» Description of the task
Give the total number of lines in the data below that include "Ärentuna", and nothing else.
START Exercise data
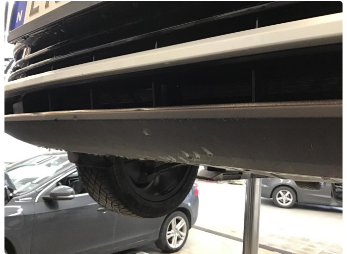
1.1 Noen skrubbeskader under støtfanger foran.
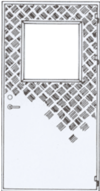
Enkeldörr med isolerruta
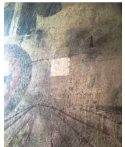
I Tensta kyrka (överst) och Ärentuna kyrka (nederst) har man provrengjort ett mindre fält. Där kan man se skillnaden mellan dagens mörkare yta och hur det kommer att se ut efter rengöringen.

KYRKBÄNKEN utges av Svenska kyrkan i Vattholma pastorat. I pastoratet ingår Ärentuna, Tensta och Lena församlingar.
END Exercise data
» Your response
2